Supercharge your workloads while optimizing costs

General computing and web serving workloads

For general-purpose computing workloads, C4D VMs deliver up to 25% better performance per dollar than C3D, based on estimated SPECrate®2017_int_base benchmark results. C4D also delivers up to 20% better performance per dollar than comparable, generally available offerings from other cloud providers on the same benchmark. This helps you meet demanding performance requirements for a wide range of workloads — including web servers, game, ad and application servers, and containerized microservices — while optimizing resource usage and reducing costs.

For web-serving workloads, C4D leverages AMD Turin’s improved L3 cache efficiency and next-generation branch prediction to deliver higher throughput/vcpu, resulting in up to 75% increase in price-performance compared to the previous-generation C3D. This drives faster page rendering and a smoother end-user experience, with up to 45% higher price-performance compared to competitive offerings.

“AppLovin, a global leader in mobile advertising, is constantly looking for cutting-edge infrastructure innovations to deliver exceptional performance for our clients.

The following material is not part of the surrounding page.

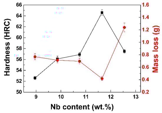 Rockwell hardness and mass loss (during wear testing) plotted as a function of the Nb contents of the coatings.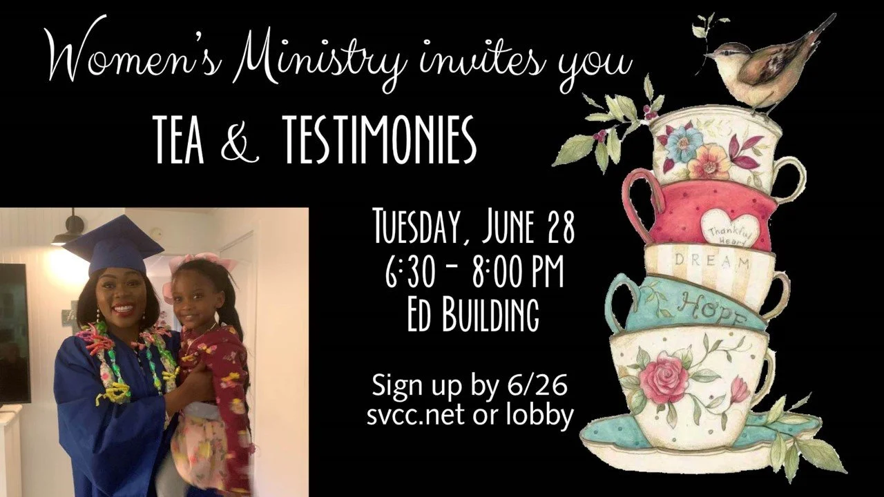 You are invited to the SVCC Women's Ministry upcoming event on Tuesday evening, June 28th at 6:30pm in the Ed Building, We will hear our sister in Christ from Africa, Margret, share her testimony and also hear from the team of ladies who surround Margret. We'll share in some refreshments as well!

Google Cloud’s C4D VMs enable us to do just that — driving up to 40% improvement over the prior generation, which leads to significant efficiency gains and latency reduction.” – Basil Shikin, Chief Technology Officer, AppLovin

“On C4D, our ad servers perform 191% faster than N2D, and 81% faster than C3D to serve the same amount of ad-requests. This improved performance comes at a lower overall cost because we can run a smaller number of more efficient nodes, but not only that, for us more performance/less latency means not only savings but more revenue since the fill-rate for ads (successful bid/ask matching) grows exponentially.” – Pablo Loschi, Principal Systems Engineer, Verve Group

“C4D Performance was impressive — most workloads, including page rendering & video processing, were 40+% faster than the previous generation. This kind of improvement makes a real difference to users of platforms like SpareRoom.” – Dimitrios Kechagias, Principal Developer, Cloud Infrastructure Optimisation Lead, SpareRoom

Databases and data-intensive applications

The C4D family is purpose-built for data-intensive applications such as databases and data analytics, by offering the latest generation compute and advanced storage capabilities. C4D’s high core frequency of up to 4.1Ghz and improved Instructions Per Clock (IPC) accelerate transactional workloads such as MySQL by up to 55% versus the prior generation with faster, more efficient query processing. For applications that require large datasets in memory, C4D provides VM sizes scaling up to 384vcpu and 3TB of high-bandwidth DDR5 memory. To scale database I/O performance, customers benefit from the integrated Hyperdisk Extreme storage with up to 500k IOPS and the new Titanium Local SSD that reduces read latency by 35% compared to the prior generation. Together, these capabilities increase performance and responsiveness for your mission-critical databases, delivering up to 35% better price-performance for Redis and MySQL workloads than comparable generally available VMs from other hyperscalers.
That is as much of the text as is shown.